Это, разумеется, не кино в обычном понимании зрителя, привыкшего к эстетическому благополучию. Но назвать работу некрореалистов пустой также не повернется язык — уж слишком сознательно они обыгрывают сложные элементы советской действительности. Юфит и Кустов не просто дурачатся, а прямо насмехаются над окружающей их культурой. Они вышли из нее и констатируют смерть советского искусства, возводя в абсолют его же идеи. Моряк — главный символ Октябрьской революции — попадает не просто в лес, а в «Русский лес» — символическое отображение одноименного романа Леонида Леонова, одного из главных писателей пресловутого соцреализма. Некрореалисты пытаются убить свою жертву, подложив ее под поезд — и делают это тем же манером, что и Дзига Вертов, пожертвовавший оператором в «Человеке с киноаппаратом».

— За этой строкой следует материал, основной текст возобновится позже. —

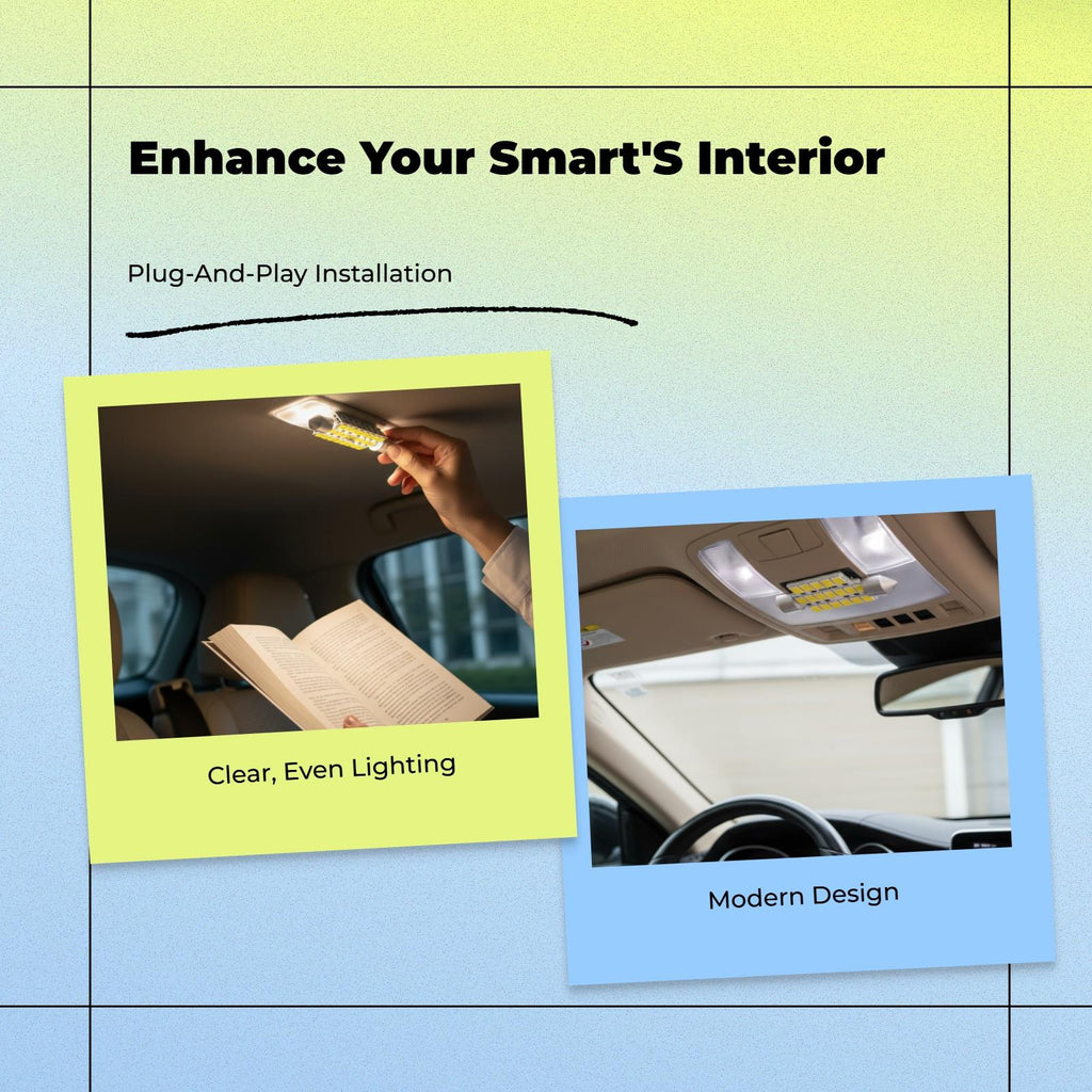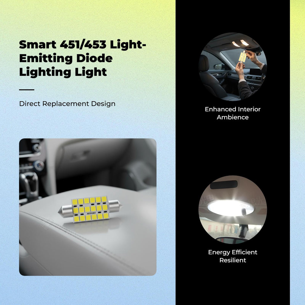 【High Brightness light-emitting diode Car Interior Light】enhance your Smart car with this light-emitting diode dome light and license plate light, delivering lighting for night driving and enhancing your interior atmosphere.【Easy Installation and Direct Replacement】Specifically designed for Smart Fortwo 451/453, this kit offers a plug-and-play installation, making DIY enhances and replacements simple and hassle【Error and resilient PC Material】Engineered with CAN-BUS error technology and resilient (PC) material, this interior light guarantees dependable performance and long use.【Versatile Compatibility for Multiple sedan】Compatible with Smart Fortwo coupe/cabriolet 450/451/453 and Forfour 453, this kit meets a wide range of interior lighting requirements.【Practical and Cost-Effective enhance】Experience high-quality lighting with practicality and value, perfect for enhancing your car’s interior environment and license plate visibility.Specification:

Некрореалисты определенно что-то знают о кино, об авангарде советском и общемировом, но не совсем понимают, как свое сакральное знание применить. Их первые работы — сплав легкомысленного энтузиазма и обширной эрудиции. Но портфолио из этих странных и несуразных картин открыло для Юфита дорогу в серьезное кинопроизводство. В 1987 году на базе «Ленфильма» организуется экспериментальная мастерская Александра Сокурова — так некрореалисты получают доступ к знаниям и хорошей пленке.

«Рыцари поднебесья», 1989

Умер Дед Мороз

Много лет спустя Евгений Юфит скажет о мастерской: «Она дала мне, прежде всего, возможность знакомства с профессиональным форматом». Однако пути общемирового Сокурова и местного хаотичного Юфита разойдутся очень быстро — мэтр просто не сможет вытерпеть своего ученика. Под крылом «Ленфильма» успеет выйти лишь картина «Рыцари поднебесья», премьера которой состоялась в Ленинградском Доме Кино. Зрители в ужасе.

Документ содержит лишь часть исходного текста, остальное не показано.